To configure an ICAP profile with HTTP response rules:
config icap profile
    edit "icap_profile2"
        set request disable
        set response enable 
        set streaming-content-bypass disable
        set preview disable
        set response-server "icap_server1"
        set response-failure error
        set response-path ''
        set methods delete get head options post put trace other
        set response-req-hdr disable                    
        set respmod-default-action bypass 
        config respmod-forward-rules
            edit "rule2"
                set host "all"
                set action forward
                set http-resp-status-code 200 301 302 
                config header-group 
                    edit 2
                        set header-name "content-type"
                        set header "image/jpeg"
                    next
                end
            next
        end
    next
end
To view the logs if an error occurs:
  1. View the traffic log:
    # execute log filter category 0
    # execute log display
    1 logs found.
    1 logs returned.
    
     1: date=2019-10-25 time=17:43:47 logid="0000000013" type="traffic" subtype="forward" level="notice" vd="vdom1" eventtime=1572050627037314464 tz="-0700" srcip=10.1.100.145 srcport=47968 srcintf="port1" srcintfrole="undefined" dstip=172.16.200.46 dstport=80 dstintf="port2" dstintfrole="undefined" poluuid="a4d5324e-f6c3-51e9-ce2d-f360994fb547" sessionid=43549 proto=6 action="close" policyid=1 policytype="policy" service="HTTP" dstcountry="Reserved" srccountry="Reserved" trandisp="snat" transip=172.16.200.1 transport=47968 duration=1 sentbyte=485 rcvdbyte=398 sentpkt=6 rcvdpkt=5 appcat="unscanned" wanin=478 wanout=165 lanin=165 lanout=165 utmaction="block" counticap=1 crscore=5 craction=262144 crlevel="low" utmref=65532-0
  2. View the UTM ICAP log:
    # execute log filter category 20
    # execute log display
    1 logs found.
    1 logs returned.
    
     1: date=2019-10-25 time=17:43:46 logid="2000060000" type="utm" subtype="icap" eventtype="icap" level="warning" vd="vdom1" eventtime=1572050626010097145 tz="-0700" msg="Request blocked due to ICAP server error" service="HTTP" srcip=10.1.100.145 dstip=172.16.200.46 srcport=47968 dstport=80 srcintf="port1" srcintfrole="undefined" dstintf="port2" dstintfrole="undefined" policyid=1 sessionid=43549 proto=6 action="blocked" profile="icap_profile1" url="/icap_test/"

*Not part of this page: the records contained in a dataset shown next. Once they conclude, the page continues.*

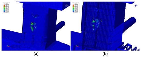 Damage cloud chart of the column structure in the optimized semi-submersible platform: (a) conditions of the outer plate; (b) conditions of the inner double-shell structure.
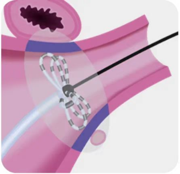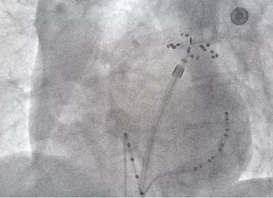 经过术前充分的筹备,手术团队、麻醉科和导管室医护人员的通力合作,心内科由张家立主任和刘晓明医生参与配合,手术有条不紊地进行。术中把脉冲消融导管放置于肺静脉口部和前庭部位,导管于不同位置可塑成不同的形状,通过脉冲消融系统释放2.0 kV的脉冲电场能量至心肌组织,致使心肌细胞达到有效的、不可逆的损伤,消灭了病变的组织。
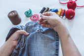 Zdjęcie "Kobieta potrafi swoją kreatywność przekształcając stare ubrania w nowe wzory.." może być wykorzystywane do celów osobistych i komercyjnych zgodnie z warunkami zakupionej licencji Royalty-free. Obraz jest dostępny do pobrania w jakości wysokiej rozdzielczości do 5760x3840.
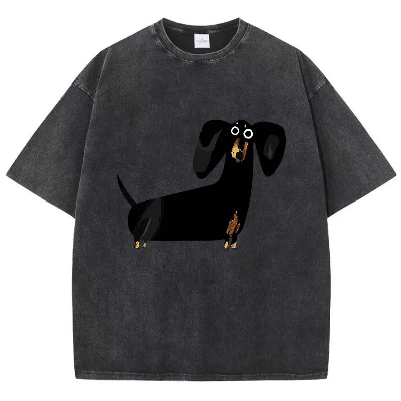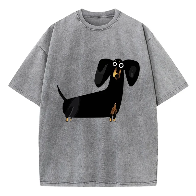 Funny Dachshund dog print women’s T-shirt. Oversized, acid-wash cotton top with O-neck design, perfect for casual summer outfits and relaxed wear.
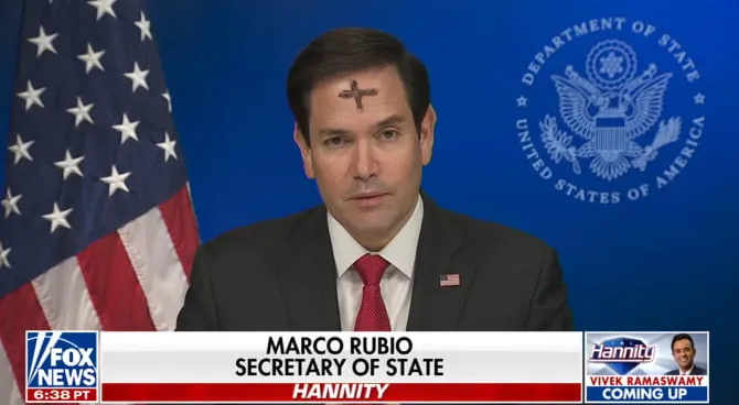 트럼프의 측근들은 이러한 기우를 더욱 확신으로 바꾸어 주었습니다. 일론 머스크는 권력의 마약에 취한 듯 나치식 경례를 보여줘 논란을 일으켰지요. 국무부 장관인 마코 루비오는 머리에 십자가를 그리고 뉴스 인터뷰에 나오는 기행을 보였습니다. 그것을 보니 십자가는 옆으로 무엇을 덧 붙이냐에 따라 나치 문양이 되기도 한다는 점에서 소름이 돋았지요. 십자군과 나치는 목적적 유사점이 많거든요.

The logs show that, in this case, the ICAP services stopped before the access. When the client tried to access HTTP and ICAP took effect, the FortiGate sent the ICAP request to the ICAP server and received an error. The client sees a 502 Bad Gateway message, and FortiGate writes the two logs. In the GUI, the logged traffic is displayed as Result: Deny: UTM Blocked.